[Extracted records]
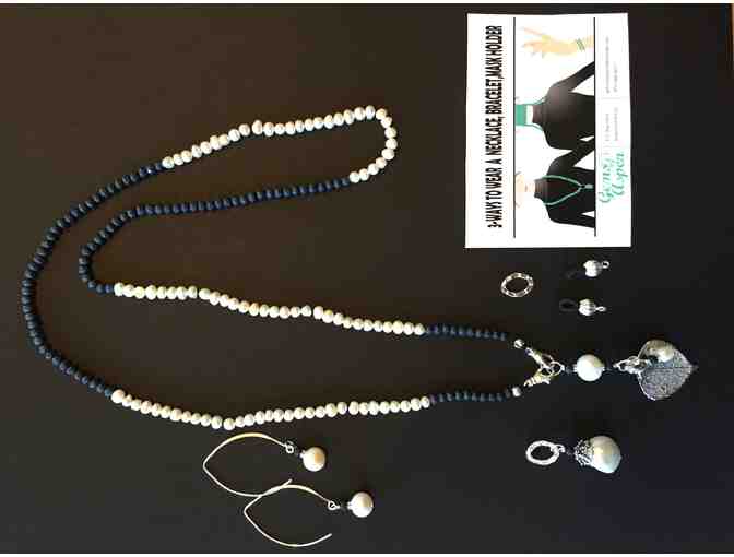 Combination necklace or mask holder with sterling silver Aspen leaf, ring for multi use, freshwater pearl drop and matching freshwater pearl earrings
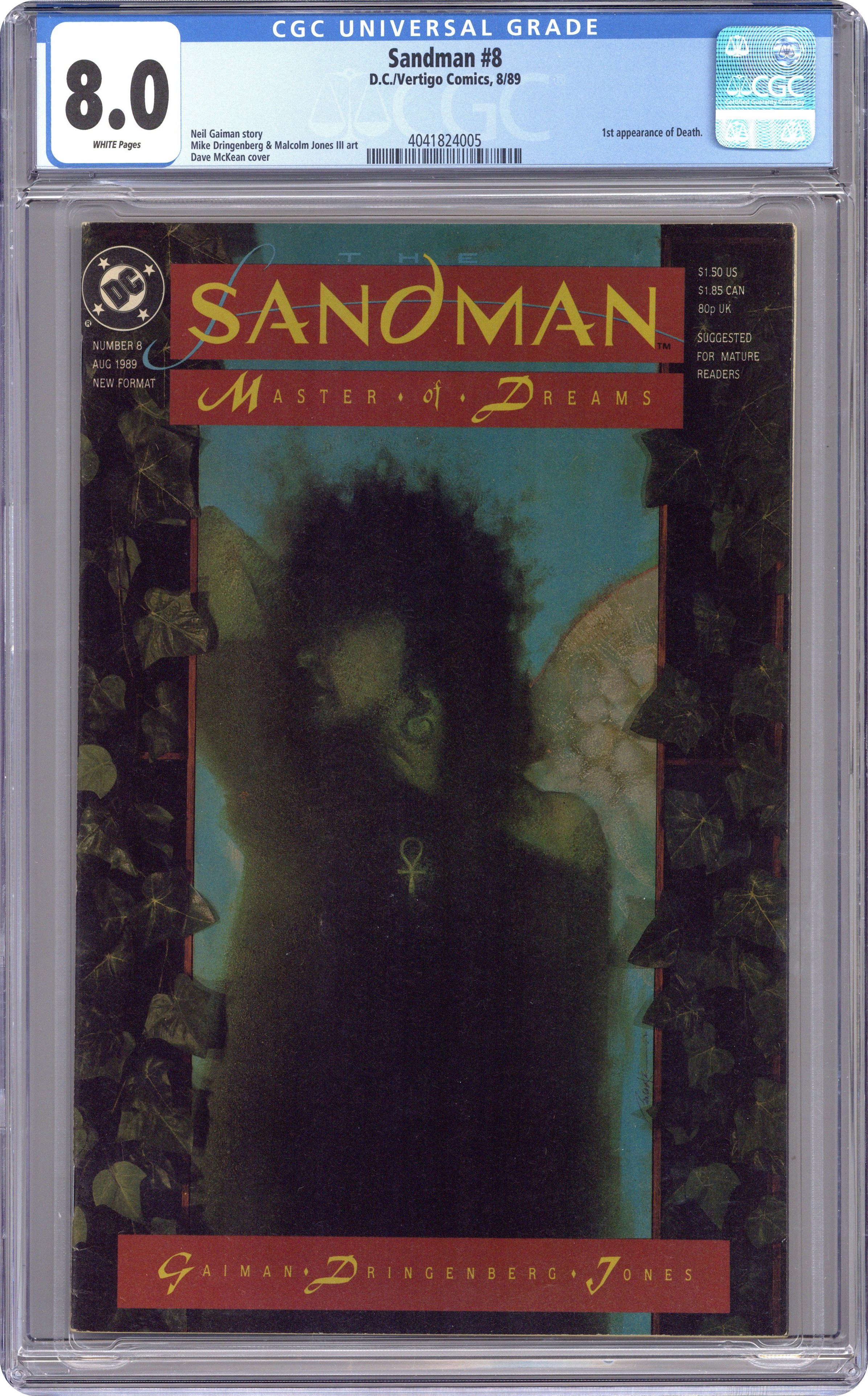 Published Aug 1989 by DC/Vertigo.Sandman (1989 DC/Vertigo) 8A CGC 8.0
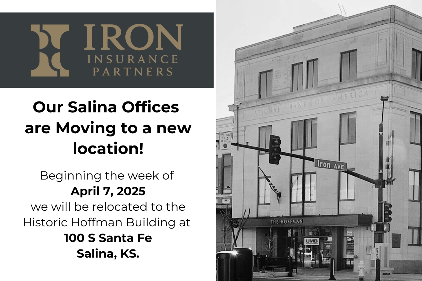 According to Iron Insurance Partners, beginning the week of April 7th, the Salina East and Salina West office locations will combine and move into a newly renovated space in the Historic Hoffman Building at 100 S Santa Fe in Downtown Salina.
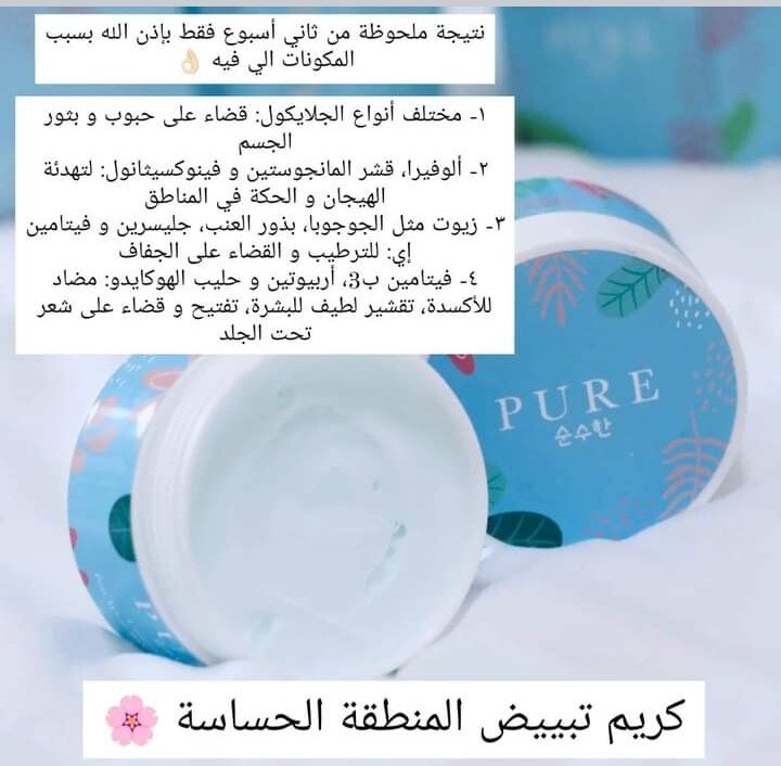 كريم بيور بمكونات فعاله تعمل على تفتيح وازالة البقع من مكان تحت الابط ومن المناطق الحساسه خلال مده قصيره
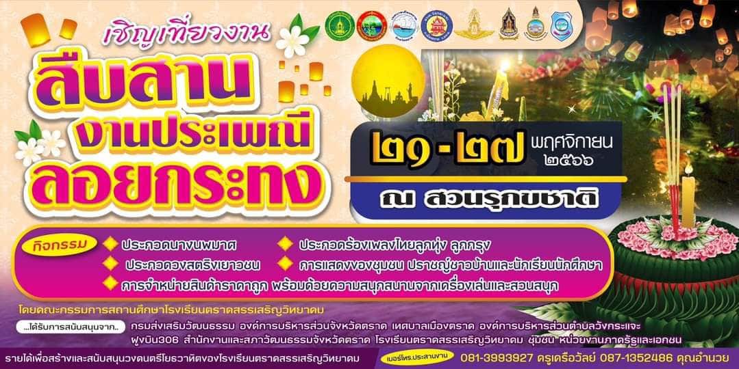 รวมสถานที่วันลอยกระทง จังหวัดตราด ตั้งแต่วันที่ 21-27 พฤศจิกายน 2566 บอกเลยว่า…แต่ละที่มีสิ่งที่น่าสนใจ รวมถึงกิจกรรมต่าง ๆ อีกมากมายภายในงาน จะมีที่ไหนให้เราไปลอยกระทงกันบ้าง ไปดูกัน
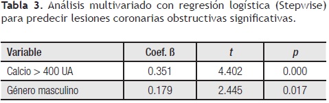 Los mejores predictores de lesiones coronarias significativas de manera independiente mediante análisis multivariado con regresión logística (Stepwise) son la presencia de CC > 400 UA y el género masculino (Tabla 3).
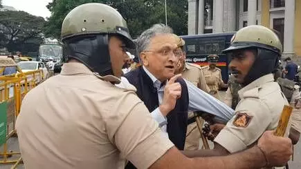 Cover Photograph : Historian Ramchandra Guha being detained in Bengaluru
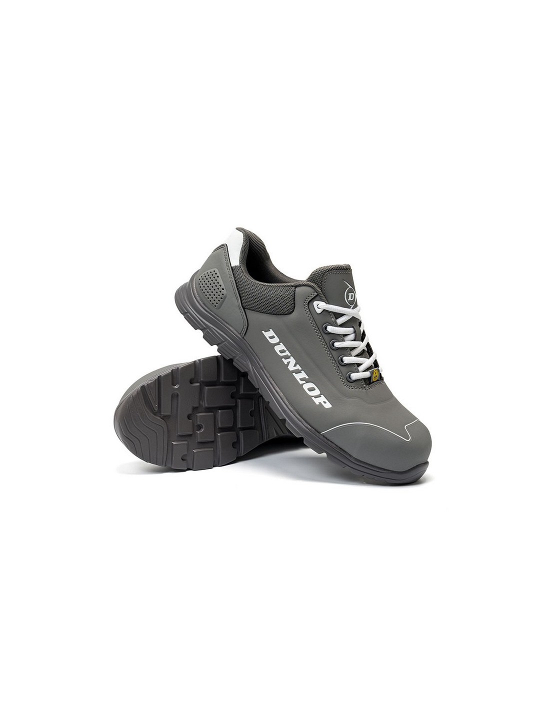 Zapatilla seguridad Dunlop S3 Matt Grey Norma EN ISO 20345:2022. Puntera fibra de vidrio, no metálica y ligera. Plantilla textil anti perforación, ligera, flexible y antimagnética. Tallas 39 a 46
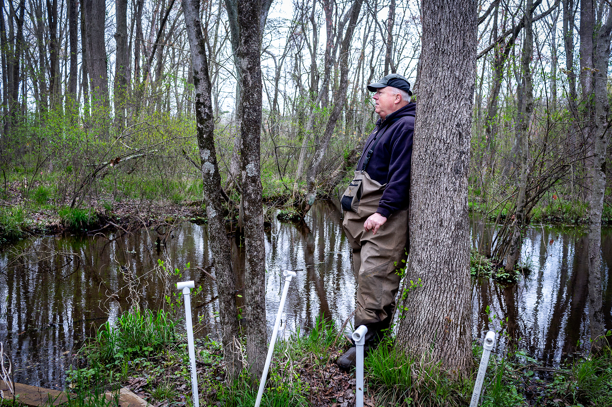 University of Maryland ecologist Andrew Baldwin takes in widespread ash tree devastation, Tuckahoe Creek wetland
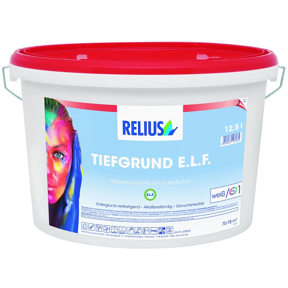 Relius Tiefgrund E.L.F. Weiss is een witte waterverdunbare hechtgrond, geschikt voor binnen en buiten. Geschikt voor zuigende ondergronden en het vastzetten van poederende ondergronden. Voor binnen ook geschikt om spaan- en houtvezelplaten voor te behandelen. Relius Tiefgrund E.L.F. Weiss is goed indringend, en verstevigd de ondergrond. Verfpoint is vakgrossier van Relius, met de Relius mengmachine kunnen wij dit product in diverse lichte kleuren mengen.
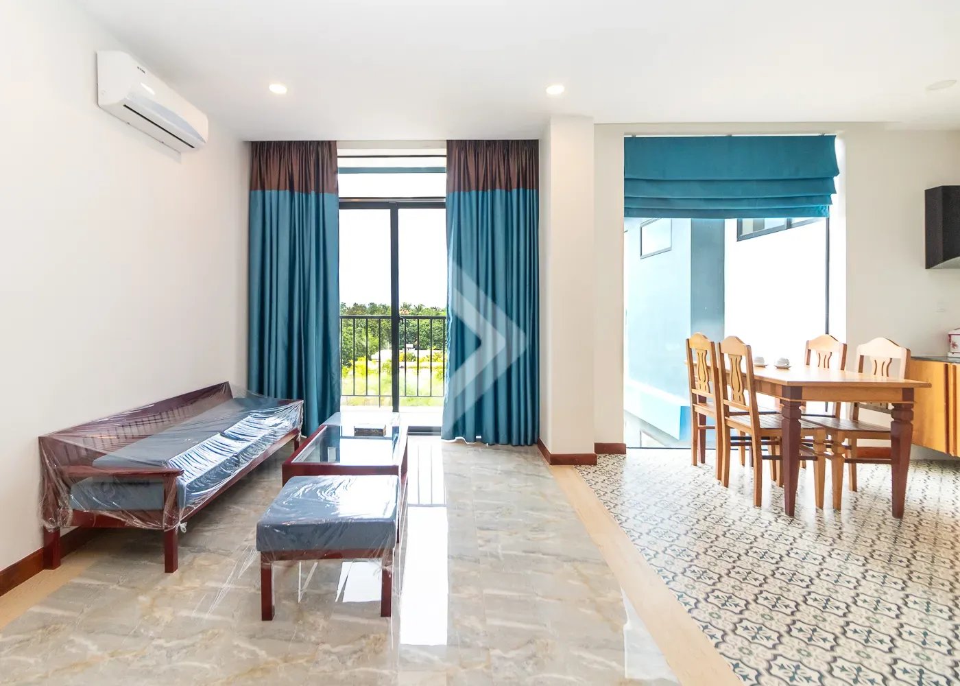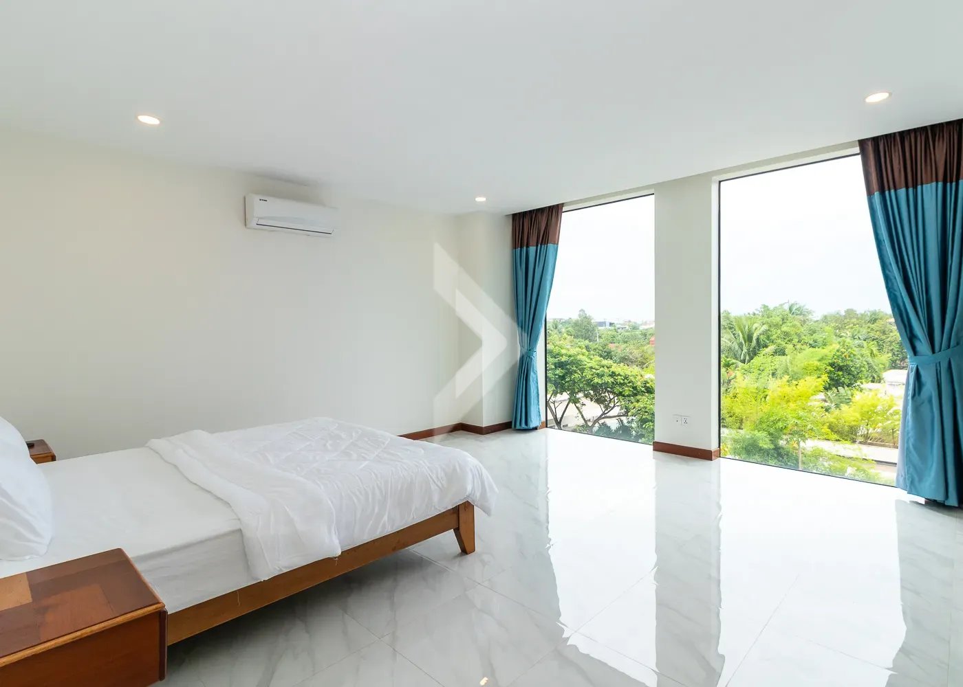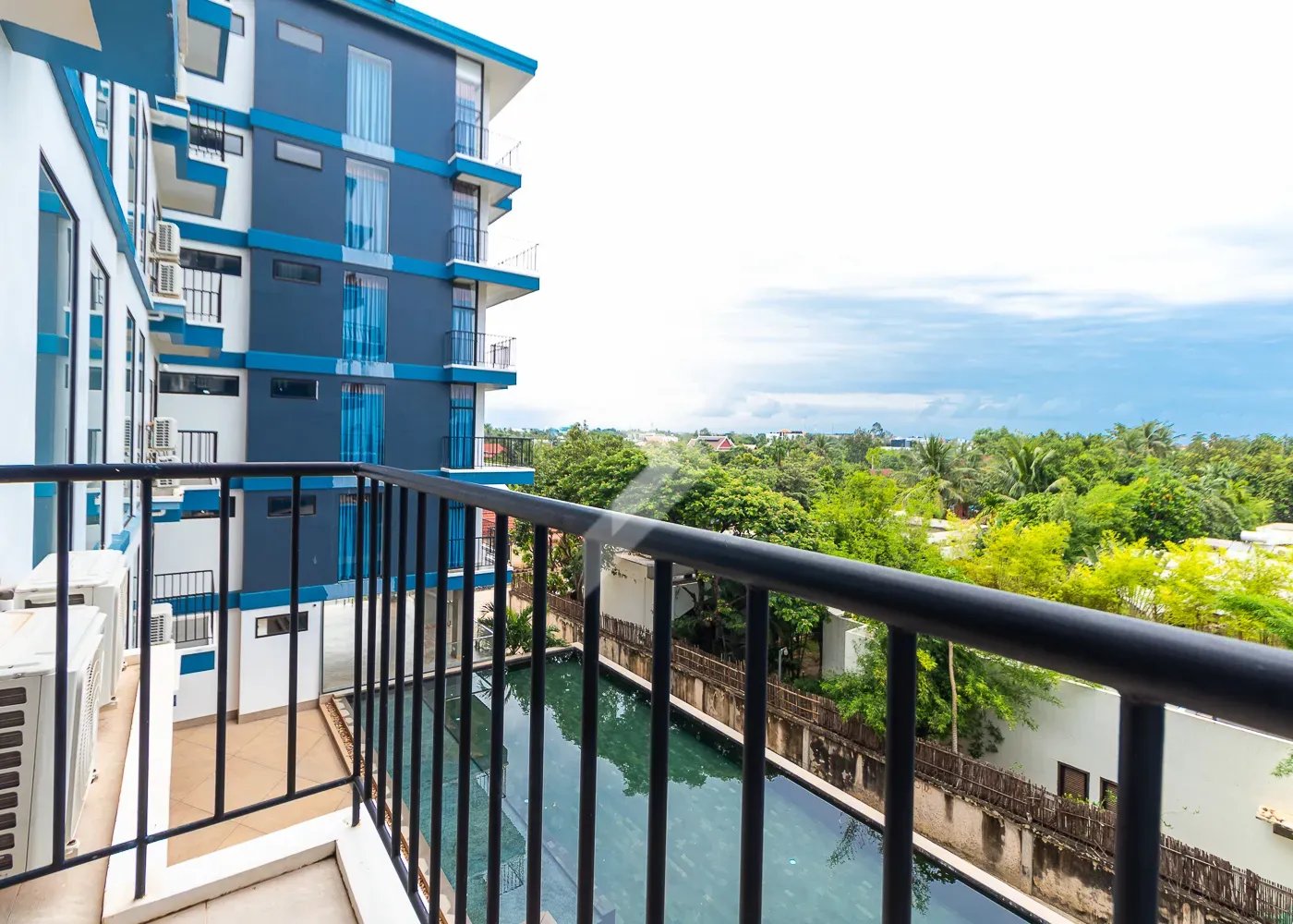 This 83 sqm apartment is highlighted by the amazing view and the living space is very bright all day long. The location is really something unique as well because it is a very quiet area, but just 8 mins from Leu Market, and 9 mins to Pub Street and old market. Many shops, good restaurants, and a large market hall surround the square, so life is this area is extremely convenient.

→ REQUIREMENT: Only the lines from the beginning of the records up to and including the line with "Published Aug 1989" should appear, exactly as they are, and no pictures.

→ RESULT BELOW:
 Combination necklace or mask holder with sterling silver Aspen leaf, ring for multi use, freshwater pearl drop and matching freshwater pearl earrings
 Published Aug 1989 by DC/Vertigo.Sandman (1989 DC/Vertigo) 8A CGC 8.0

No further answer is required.